Cancer is defined as uncontrolled cell growth in a specific location of the body. The number of newly diagnosed malignancies rises year after year, and there are more than 100 different varieties of cancer that damage the human body Immunotherapy is sometimes seen as a relatively recent medical breakthrough, having only been developed a few decades ago. In reality, immunotherapy dates back to the 3rd century BCE reign of China's Qin dynasty.

The cancer immune hypothesis proposes that the body's immune system has the ability to eliminate malignant cells during the early stages of transformation. Traditional cancer treatments' therapeutic efficacy can be improved by the adaptive and innate immune systems. Pre-clinical trial evidence suggests that immunotherapies are crucial to the long-term efficacy of cancer therapy, establishing immunotherapy as the fourth pillar of cancer treatment. Clinically successful anticancer responses, in general, necessitate the efficient execution of several immune pathways [3].

The typical immune response to malignant cells in tumours. During tumour progression, antigens of malignancy, either Tumor-Associated (TAA) or tumor-specific antigens, are generated.

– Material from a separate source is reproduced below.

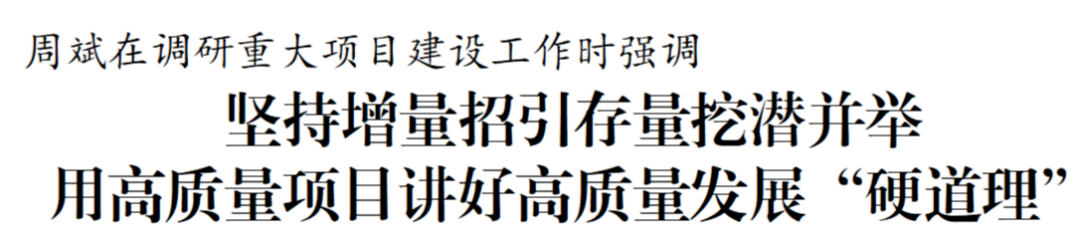 周斌在調(diào)研中強(qiáng)調(diào),重大項(xiàng)目是經(jīng)濟(jì)社會(huì)高質(zhì)量發(fā)展的“加速器”和“壓艙石”。今年各項(xiàng)工作已經(jīng)進(jìn)入下半場(chǎng),各地各部門要增強(qiáng)時(shí)不我待的緊迫感,堅(jiān)持一切圍著項(xiàng)目轉(zhuǎn)、一切盯著項(xiàng)目干,推動(dòng)重大項(xiàng)目建設(shè)跑出“加速度”,用高質(zhì)量項(xiàng)目講好高質(zhì)量發(fā)展“硬道理”。要堅(jiān)持增量招引和存量挖潛并舉,既注重招引新項(xiàng)目、好項(xiàng)目,又鼓勵(lì)引導(dǎo)現(xiàn)有企業(yè)開展“智改數(shù)轉(zhuǎn)網(wǎng)聯(lián)”、技改擴(kuò)能項(xiàng)目投資。要積極推動(dòng)制造業(yè)數(shù)字化轉(zhuǎn)型,促進(jìn)專精特新企業(yè)蓬勃發(fā)展,培育壯大智能產(chǎn)業(yè),加快構(gòu)建現(xiàn)代化產(chǎn)業(yè)體系,為推進(jìn)中國(guó)式現(xiàn)代化鹽城新實(shí)踐提供堅(jiān)實(shí)支撐。
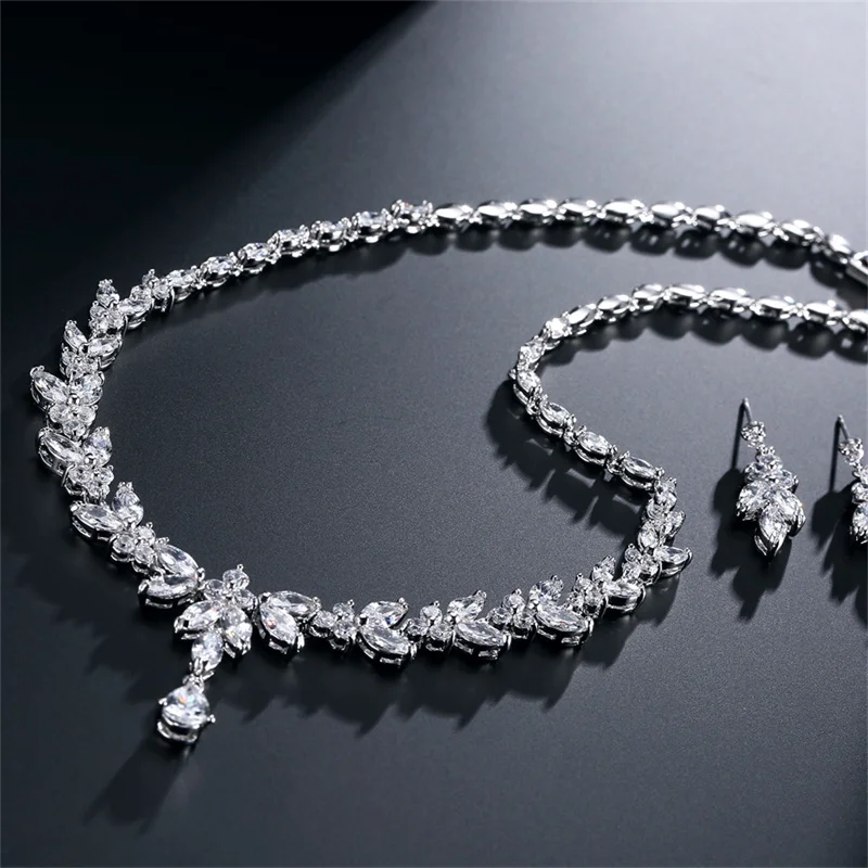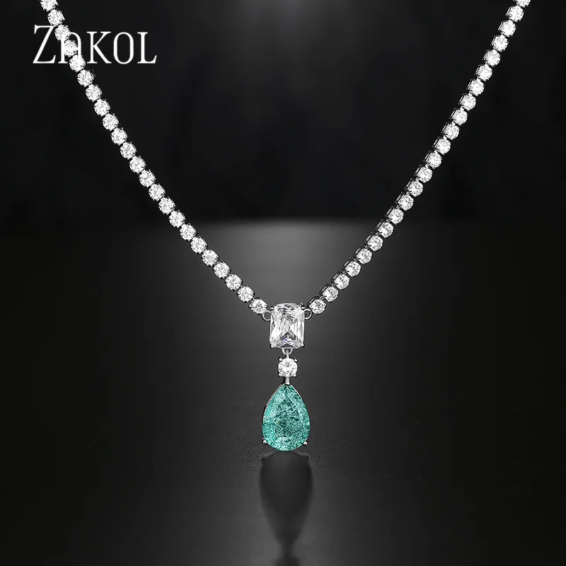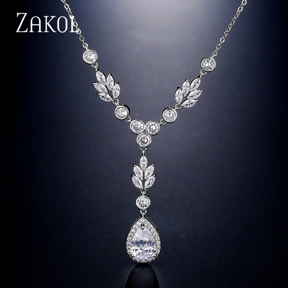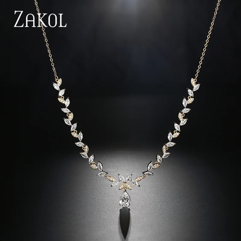ZAKOL-collares de lujo con forma de hoja de circonita cúbica para mujer, collares de lujo con corte de marquesa exquisito, accesorios de joyería para Boda nupcial y fiesta.

Dendritic cells are antigen-presenting cells that phagocytose, process, and display cancer antigens. The major histocompatibility complex class I and class II (MHC I/II) receptor interacts with the appropriate T cell receptor, which includes the epitope peptide from tumor-associated antigens. T cells are primed in lymphoid tissue the majority of the time. Immunological positive/negative factors that prevent/promote full T cell activation via cytokines such as Transforming Growth Factor (TGF) and costimulatory receptors [4].

During priming, costimulatory receptors are susceptible to T cells. Effector T cells proliferate, release inflammatory cytokines, acquire cytolytic capabilities, and move to tumour locations after being successfully activated. Cytotoxic T cells recognise tumour cells and adhere to cancer antigens on the major histocompatibility complex I surface of cancer cells, resulting in T-cell-mediated death. T cell function in the tumour may be boosted or reduced. T lymphocytes are suppressed by negative costimulatory signals such as programmed cell death ligand 1 (PD-L1), resulting in anergy and exhaustion [5].

The combination of nanotechnology, coupled with existing anticancer immunotherapies, marks the beginning of a new era in cancer treatment. With the quantity of research on these therapeutics that is accessible and continuing, some of which are detailed above, these therapeutic agents will deliver more advanced and safer anticancer treatments. There are two types of tumour immunotherapy: humoral immunity and cellular immunity. However, immunotherapy response rates remain modest, and further research is undoubtedly required to enhance the outcomes of these treatments. Throughout the last few decades, a variety of different nanocarriers endowed with exceptional properties have been identified.